Руденко. Генеральный прокурор СССР - Звягинцев Александр Григорьевич. Страница 3
Обвинительный акт был составлен Щегловитовым 23 марта 1905 года. «Злоумышленником» оказался И. П. Каляев, член боевой организации партии социалистов-революционеров. Каляева осудили и приговорили к смертной казни через повешение. Выслушав приговор, он заявил: «Я счастлив вашим приговором и надеюсь, что вы исполните его надо мною так же открыто и всенародно, как я исполнил приговор партии. Учитесь мужественно смотреть в глаза надвигающейся революции». Казнь состоялась в ночь на 10 мая 1905 года в Шлиссельбургской крепости. Пройдет время, и Щегловитов наверняка не раз вспомнит и казнь Александра Ульянова, и слова Каляева.
Иван Еригорьевич с восторгом воспринял известие о подписании государем Манифеста от 17 октября 1905 года и искренне приветствовал начавшееся в империи преобразование государственного аппарата, созыв первой Государственной думы. Он даже участвовал в выработке некоторых последовавших вслед за Манифестом законодательных актов, в частности указа от 21 октября, «даровавшего» облегчение всем государственным преступникам, или, как их стали тогда называть, «пострадавшим за деятельность в предшествующий период».
24 апреля 1906 года Щегловитов назначается министром юстиции и генерал-прокурором. На этой высокой должности оставался девять лет, несмотря на частую смену председателей Совета министров. Ему одновременно были вверены посты статс-секретаря императора, члена Государственного совета и сенатора.
Назначение Щегловитова вызвало неоднозначную реакцию. У одних сдержанную, у других – откровенно враждебную. С. Ю. Витте писал впоследствии: «Это самое ужасное назначение из всех назначений министров после моего ухода, в течение этих последних лет и до настоящего времени.
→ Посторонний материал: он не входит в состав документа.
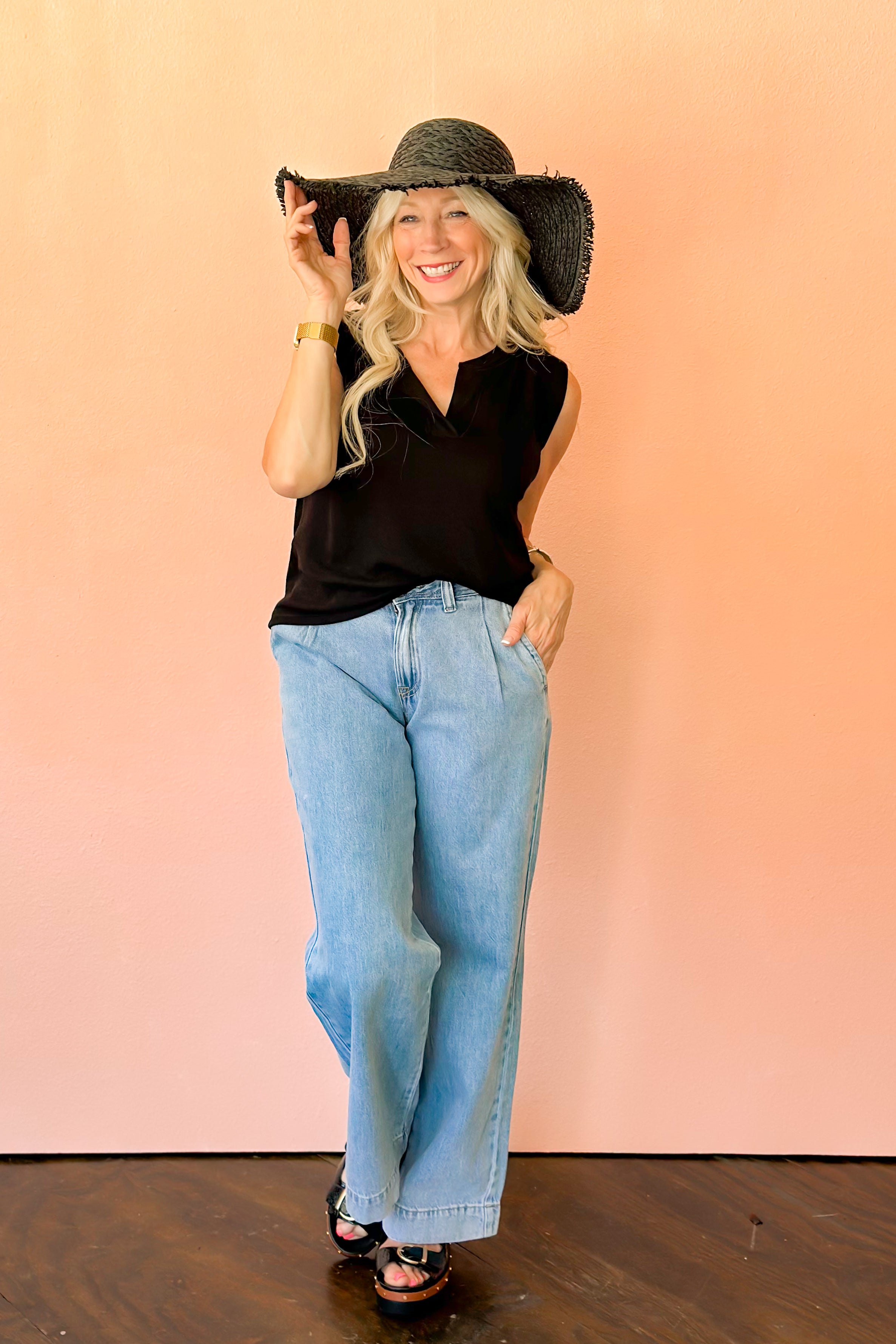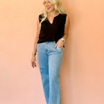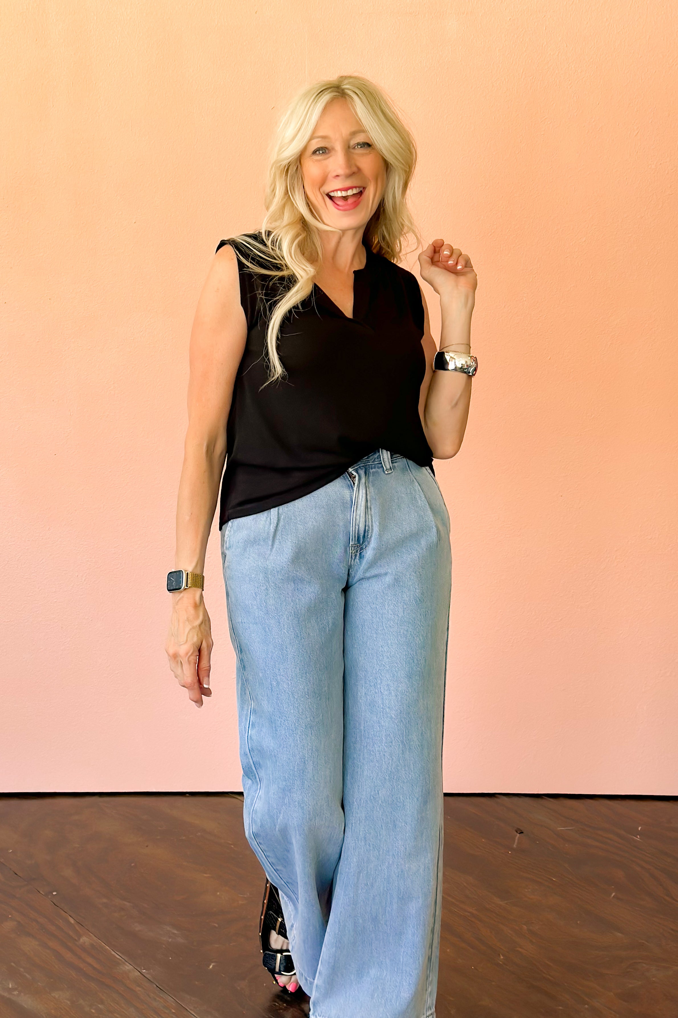 Easy does it with this knit sleeveless top. With the front notch, you can coordinate this top with your work blazer, skirts or denim. It is a versatile tank that will be wardrobe basic and favorite.

Щегловитов, можно сказать, уничтожил суд».
Если в молодости И. Г. Щегловитов ратовал за судебную независимость, приветствовал демократические преобразования, то теперь, утвердившись в должности министра юстиции и генерал-прокурора, он, по словам современников, «круто повернул вправо». Он перестал считаться с принципом несменяемости судей и судебных следователей, зачастую изгонял со своих мест неугодных ему судебных работников и прокуроров, а на руководящие должности подбирал людей «более твердых, более монархически настроенных».
На одном из заседаний Государственной думы Щегловитов сказал: «Тяжелые годы смуты и политического шатания возлагали на Министерство юстиции сугубые обязанности ограждения русского суда от засорения всем тем, что отражает в себе колеблющееся, меняющееся общественное движение и настроение и партийные вожделения. Между тем общее политическое шатание не может не коснуться суда, как ни прискорбно это явление. Волны бушующих политических страстей докатились и до святой храмины правосудия…
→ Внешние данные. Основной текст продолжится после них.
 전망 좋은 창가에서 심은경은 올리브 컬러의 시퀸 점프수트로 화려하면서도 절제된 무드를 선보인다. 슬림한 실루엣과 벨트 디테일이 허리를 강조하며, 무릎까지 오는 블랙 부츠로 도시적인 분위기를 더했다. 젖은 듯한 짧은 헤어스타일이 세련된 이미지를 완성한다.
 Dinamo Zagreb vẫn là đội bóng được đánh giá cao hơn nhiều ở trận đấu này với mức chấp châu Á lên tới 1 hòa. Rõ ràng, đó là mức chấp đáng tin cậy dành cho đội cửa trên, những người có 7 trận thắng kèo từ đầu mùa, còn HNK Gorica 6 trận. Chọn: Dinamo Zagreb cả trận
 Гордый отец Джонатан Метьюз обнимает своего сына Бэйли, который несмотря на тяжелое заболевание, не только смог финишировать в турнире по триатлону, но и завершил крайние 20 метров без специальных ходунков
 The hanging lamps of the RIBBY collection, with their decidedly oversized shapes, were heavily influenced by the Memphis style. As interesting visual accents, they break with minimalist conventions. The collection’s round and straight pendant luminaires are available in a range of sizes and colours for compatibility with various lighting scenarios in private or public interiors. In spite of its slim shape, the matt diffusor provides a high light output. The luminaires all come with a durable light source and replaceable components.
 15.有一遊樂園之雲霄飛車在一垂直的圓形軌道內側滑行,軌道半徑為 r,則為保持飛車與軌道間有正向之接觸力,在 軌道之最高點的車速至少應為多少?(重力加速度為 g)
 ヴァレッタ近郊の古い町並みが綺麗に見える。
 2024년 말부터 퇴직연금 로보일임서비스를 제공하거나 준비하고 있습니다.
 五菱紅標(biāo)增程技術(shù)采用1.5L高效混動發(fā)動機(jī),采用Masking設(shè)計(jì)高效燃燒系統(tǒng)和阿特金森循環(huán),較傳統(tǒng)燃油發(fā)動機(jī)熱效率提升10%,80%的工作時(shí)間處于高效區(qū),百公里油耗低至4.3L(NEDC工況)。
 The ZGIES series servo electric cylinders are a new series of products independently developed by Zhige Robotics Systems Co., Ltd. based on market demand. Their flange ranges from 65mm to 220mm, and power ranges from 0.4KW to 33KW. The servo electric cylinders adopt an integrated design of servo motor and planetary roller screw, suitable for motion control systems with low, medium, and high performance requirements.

Нападки на меня не смущают, они бледнеют и гаснут перед величием лежащей на мне обязанности охранить тот храм, который именуется храмом правосудия, во всей чистоте». Однако очевидно было, что Щегловитов уже не чувствует себя не только проводником законов и их исполнителем, но считает себя вправе относиться к нему избирательно, решая, что целесообразно в сложившейся ситуации, а что нет.
Деятельность Щегловитова подвергалась критике со всех сторон. Социал-революционеры, считая Щегловитова главным проводником репрессий в стране, вынесли ему смертный приговор и долгое время «охотились» за ним, но все их попытки не увенчались успехом.
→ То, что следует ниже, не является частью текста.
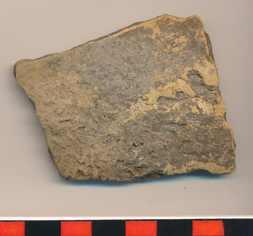 Téglaszínű külső felületű, belső felületén jól eldolgozott, kívül egyenetlen, szürke törésű enyhén íves oldaltöredék.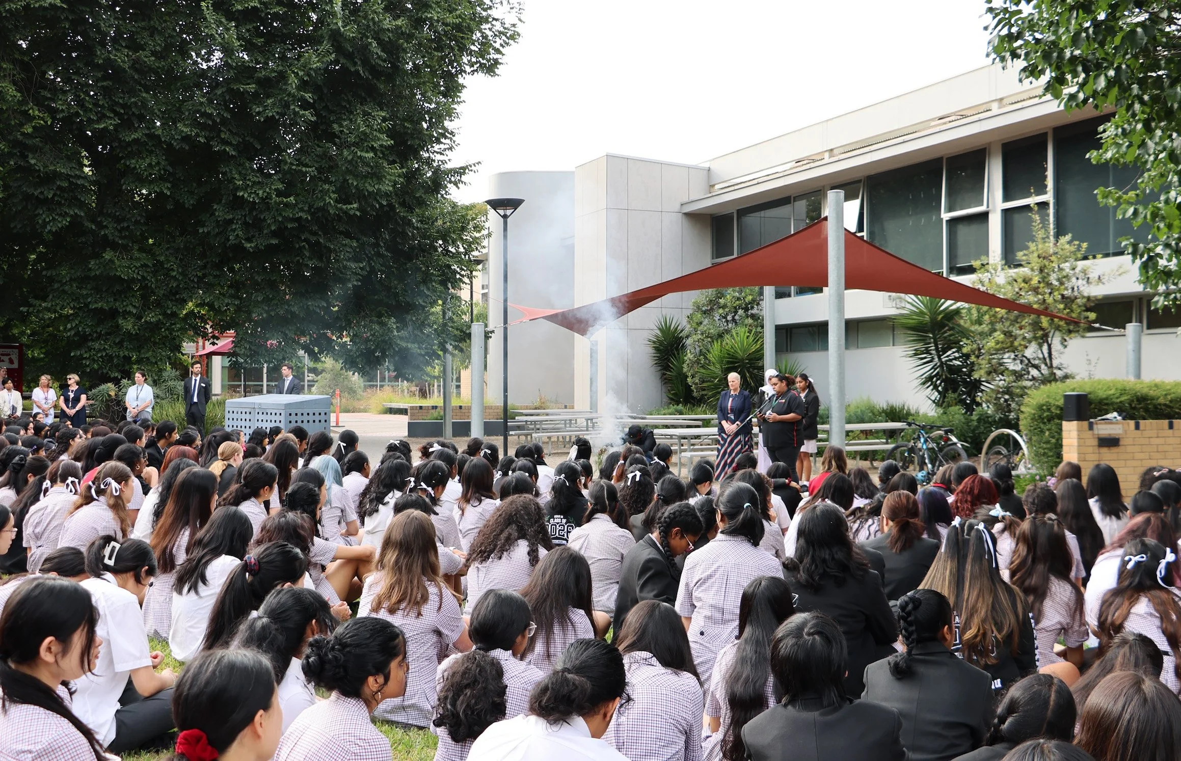 We officially commenced the school year with a deeply moving Welcome to Country and Smoking Ceremony. Led by Bunurong community members Lakesisha Clayton and James Brown, the ceremony provided a moment of reflection and connection to the land we learn on, setting a respectful tone for the months ahead.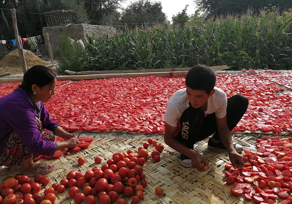 库如勒库木村晾晒西红柿

По мнению современников, щегловитовская юстиция самым печальным образом отразилась на деятельности тогдашнего суда. Никогда еще со времени введения Судебных уставов 1864 года судебные установления не падали так низко в общественном мнении. Современник считал, что при нем «вплоть до Сената судебные учреждения насквозь пропитались угодливостью, разлагающей все устои правосудия».
С именем Щегловитова прочно связано и так называемое одиозное дело Бейлиса, который в конце концов оказался оправданным, несмотря на все подлоги и подтасовки.
В июле 1915 года, под давлением демократических кругов, император вынужден был отправить Щегловитова в отставку с поста министра юстиции (сохранив ему остальные должности). Однако вскоре он опять возвысился. В январе 1917 года Шегловитову довелось стать последним царским председателем Государственного совета.
Февральская революция застала председателя Государственного совета Щегловитова врасплох. Он был арестован одним из первых. Иван Григорьевич не пытался ни сопротивляться, ни скрыться, а сразу же беспрекословно подчинился победителям. Арест происходил так. В первый же день революции, днем, на квартиру Щегловитова заявился никому не известный студент, типичный представитель выплеснутой на улицу революционной массы, который привел с собой нескольких вооруженных людей. От имени революционного народа он объявил Щегловитова арестованным. Его вывели на улицу в чем захватили – в одном сюртуке, не дав даже накинуть пальто или шубу, хотя мороз на улице был изрядный. Так и провели его без одежды до здания Государственной думы, по хорошо известному ему маршруту. Юрист и законник, он не мог не понимать, что творится самое настоящее беззаконие и произвол, но подчинился беспрекословно, словно понимая, что время законов прошло и настало время произвола и жестокой силы.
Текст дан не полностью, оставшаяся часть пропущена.